Los más agoreros, los derrotistas de siempre, dijimos que el Bicentenario resultaría primo hermano de aquellas ingenuas y pretenciosas fiestas centenarias de Cayetano del Toro. Que ni lluvia de millones, ni cuestión de Estado, ni obras legendarias. Que no estarían las obras listas -¿ya nadie reclama el puente?-, que no habría grandes exposiciones, ni monumentos, y que los castillos se quedarían para siempre en el aire. Y también dijimos que esto de tener más jefes que indios era mal negocio. Lo que nunca sospechamos es que el Bicentenario llegaría en el peor momento de la peor coyuntura económica de este país. Que la conmemoración de los doscientos años de la Constitución vendría precedida de la más terrible cuenta atrás. Que tendríamos que improvisar un plan alternativo y que las alternativas -no me refiero a la Plataforma Ciudadanía Cádiz 2012- no serían muchas.

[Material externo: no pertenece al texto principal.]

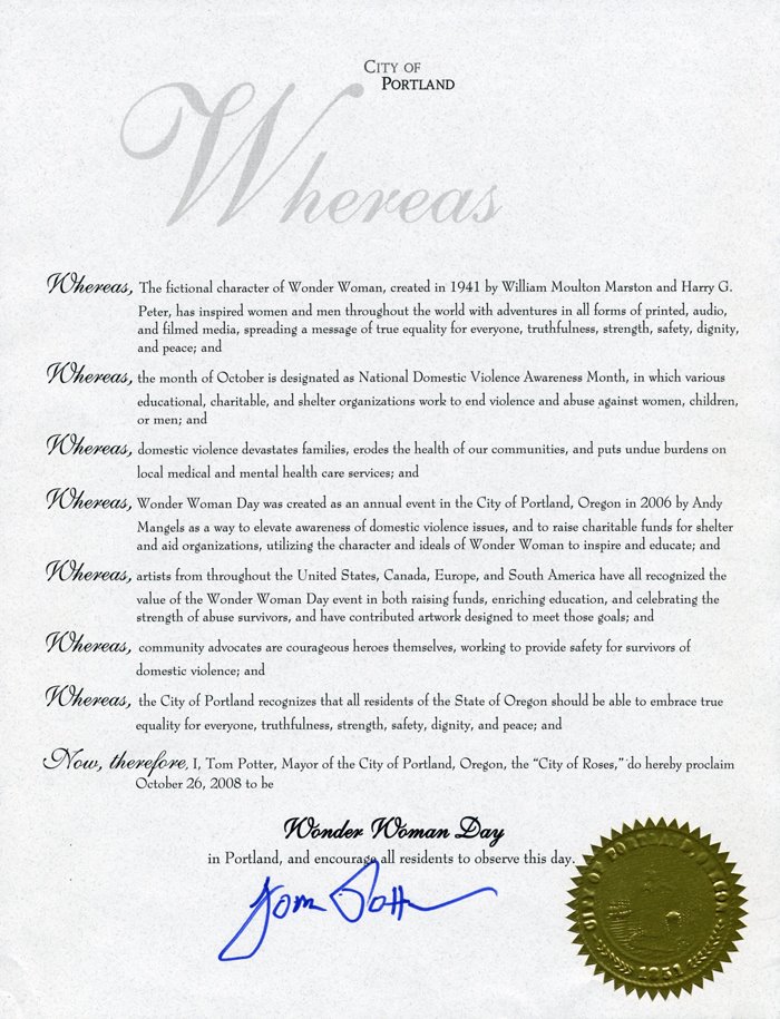 Sunday, October 26, 2008, has been declared (by mayoral proclamation, no less) to be Wonder Woman Day in Portland.

En fin. Es lo que tenemos. La tapa del yogur no se equivoca. Veintidos días y una eternidad de decepciones. Un catálogo de buenos propósitos y el tesauro completo de la desilusión. Sólo nos queda el camino por delante y habrá que andarlo. Habrá que dosificar las vacunas y dejar que la población se infecte como pueda del espíritu del Doce. Sacar de nuevo el disfraz de optimismo, enarbolar la bandera del conformismo y confiar en que el Oratorio, Sara Baras y Els Comediants griten mucho ¡Viva la Pepa!

Habrá que comérselo todo antes de que caduque. Habrá vida después del 19 de marzo, creo yo. Aunque ya nunca vuelva a ser lo mismo, y el tren no vuelva a pasar tan cerca, aunque nunca más podamos decir «cuando llegue.». No hay que desesperarse mucho, ya queda menos para el Tricentenario. Sólo hay que fijarse en las tapas de los yogures.